> [Stored data]:
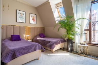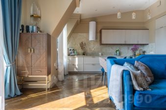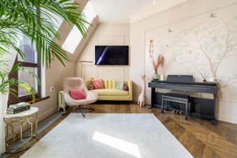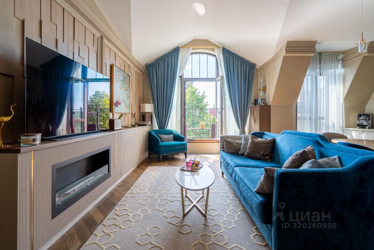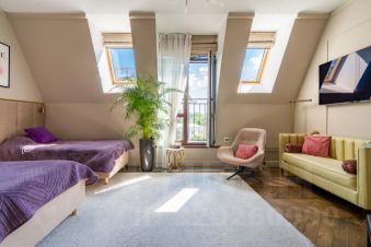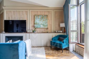 В квартире — панорамные и мансардные окна, благодаря которым помещения наполнены естественным светом в течение всего дня.
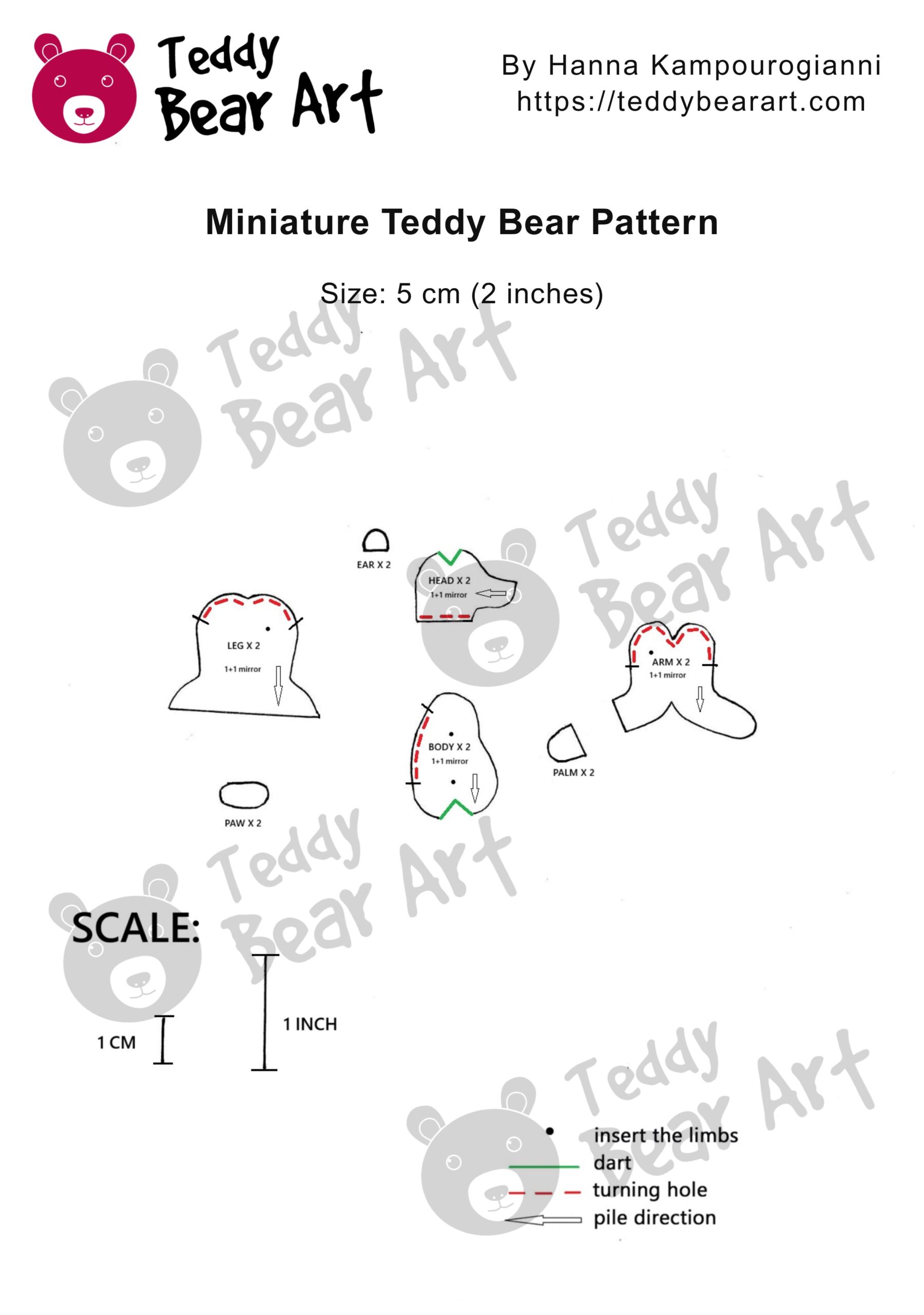 The finished bear measures 2 inches, approximately 5 cm. Despite the size, the design includes:
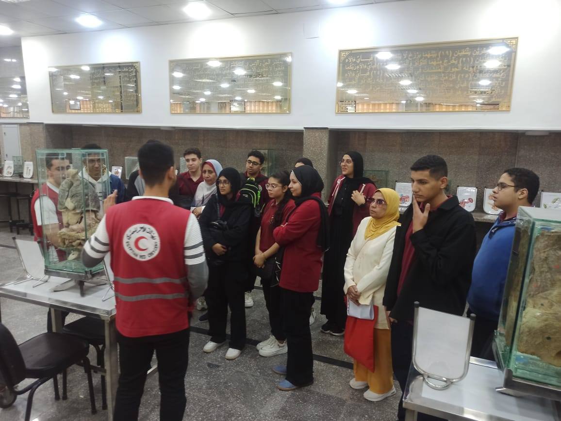 حيث تفقد الطلاب عينات المتحف الخاصه بأجزاء الجسم المختلفه والأجهزه الحيويه

> [Required work]: Everything from the line with "The finished bear" through the end of the listing above, both ends included, should be set down exactly; copy nothing else, and skip the pictures.

> [Result of this task]:
 The finished bear measures 2 inches, approximately 5 cm. Despite the size, the design includes:
 حيث تفقد الطلاب عينات المتحف الخاصه بأجزاء الجسم المختلفه والأجهزه الحيويه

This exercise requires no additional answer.